Throughout his six months of battling myelodysplastic syndrome —a form of pre-acute myeloid leukemia associated with Down Syndrome — at UNC Hospitals, William Erkkila often has turned around his bad days by breaking out his dance moves.
“He can’t walk, but he can dance,” said Kaitlin Erkkila, the 2-year-old’s mother.
During the weekend, William showed off his moves at the annual Dance Marathon. The goal: raise money for more children like him.
Using a video stream, the youngster joined more than 2,000 University of North Carolina at Chapel Hill students who pledged to stand for 24 hours during the fundraiser that benefits the patients and families at North Carolina Children’s Hospital.
The Dance Marathon ran from at 7:30 p.m. Friday to 8:00 p.m. Saturday at Fetzer Gymnasium. Participants were required to raise at least $150 and remain on their feet for the entire length of the event through dancing, a sunrise walk and games.
In its 17th year, the marathon is the culmination of a series of events hosted by the Carolina for the Kids Foundation throughout the year including the Kilometers For The Kids run and benefit auction.
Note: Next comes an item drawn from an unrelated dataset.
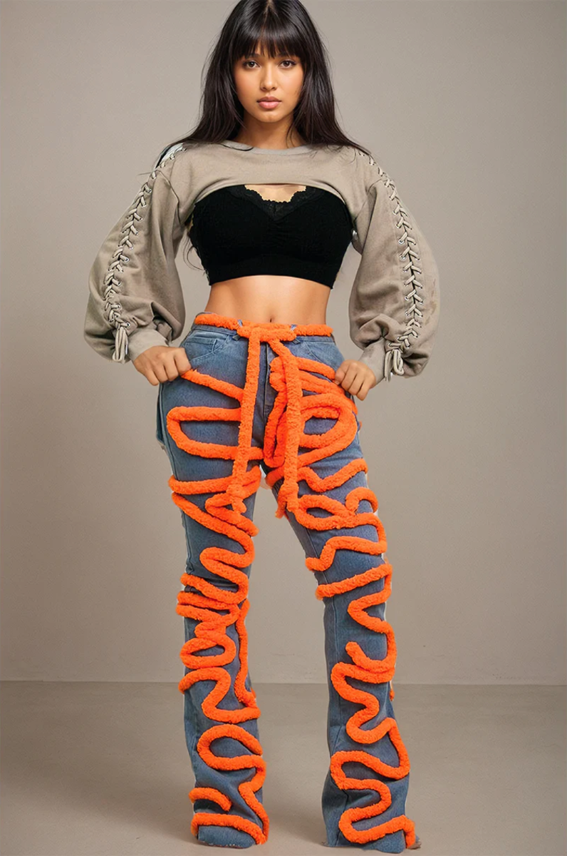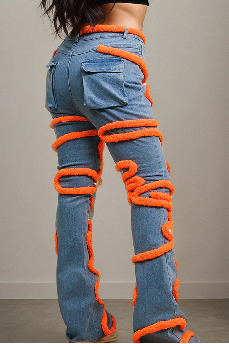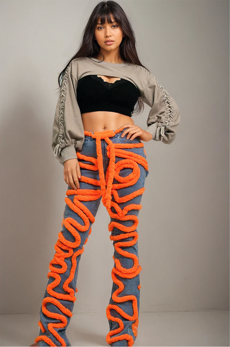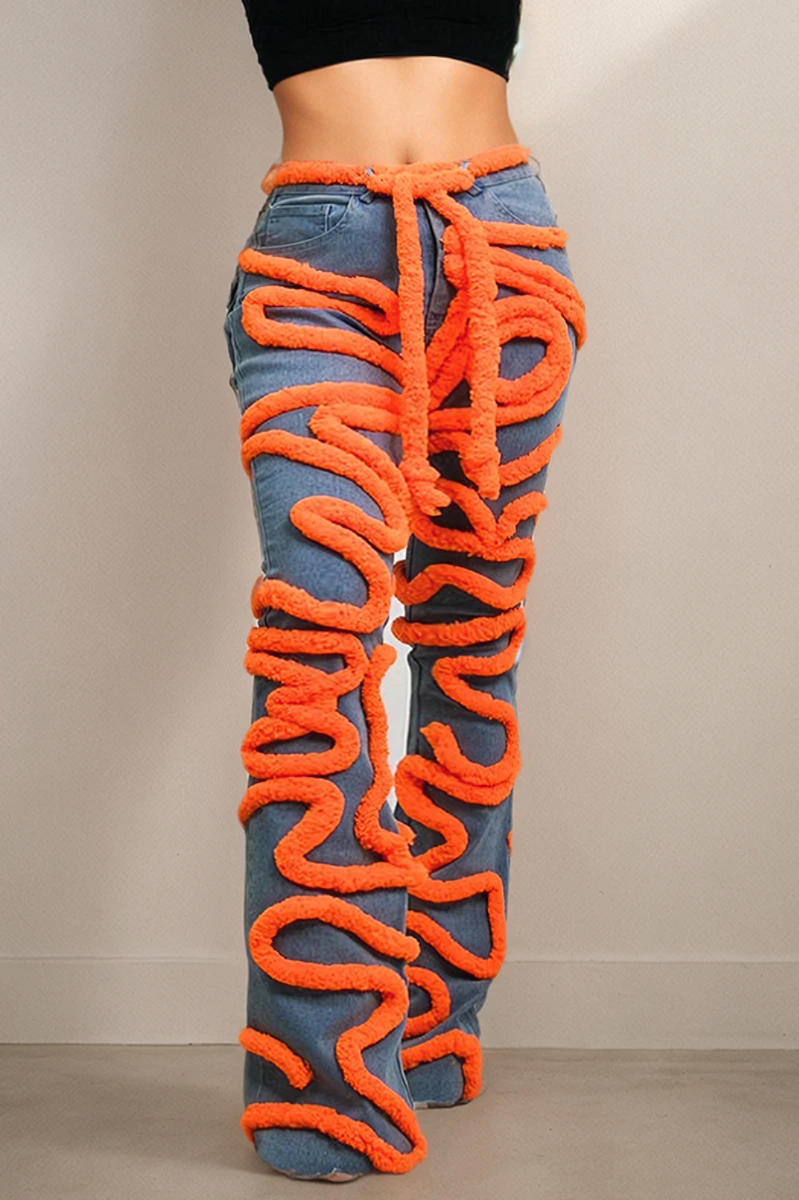Unleash your bold style with these eye-catching denim pants, a true statement piece for those who dare to stand out. Featuring a classic blue denim base, these pants are taken to the next level with vibrant orange piping that swirls around the legs in an organic, snaking pattern. The design not only adds a splash of color but also creates a sense of movement and an illusion of texture. The high waist cut ensures a flattering fit, while the slim silhouette tapers down to the ankles, highlighting the contours of your figure. Perfect for making a statement at casual outings or edgy enough for a night out, these pants are a versatile addition to any fashion-forward wardrobe. Pair with a simple top to let the pants shine or go bold with an equally daring piece for a full-on impactful ensemble.
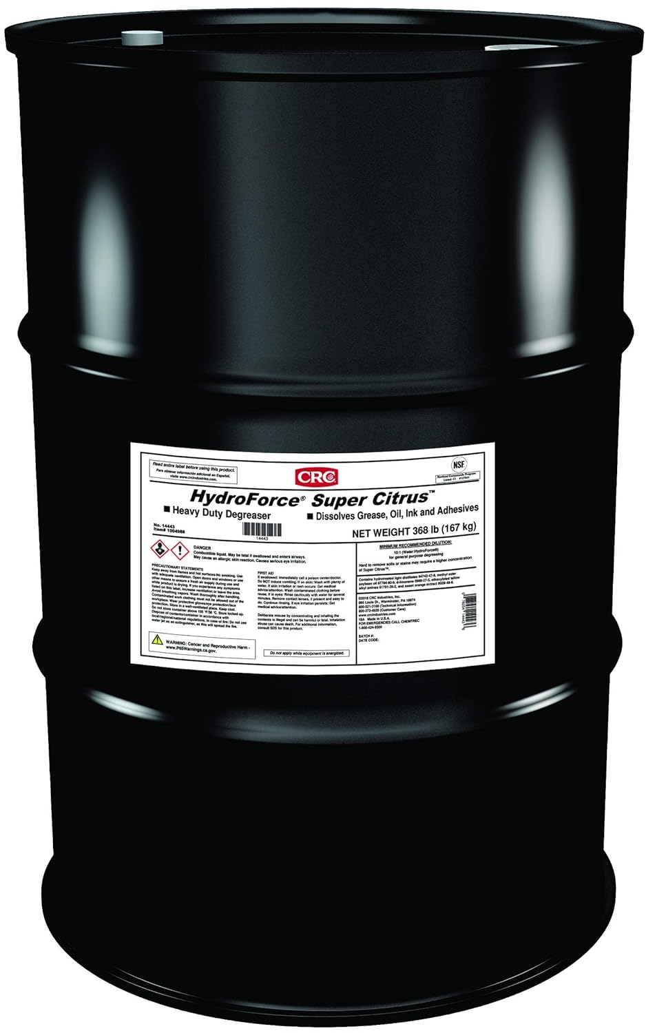 CRC HydroForce Super Citrus Heavy Duty Degreaser, 55 Gal, 14443

But for the foundation, which is the largest student-run fundraising organization in the state, the Dance Marathon is the main charity event.
“A huge amount of our fundraising is from dancers,” said Brendan Leonard, the publicity chair for Carolina for the Kids.
Since the inaugural Dance Marathon in 1999, the foundation has raised $4.28 million, including $551,595 last year. The proceeds go directly to helping the families at the children’s hospital by providing hot meals for parents and helping pay bills. This year, funds are also being directed toward the opening of a pediatric clinic in Chapel Hill.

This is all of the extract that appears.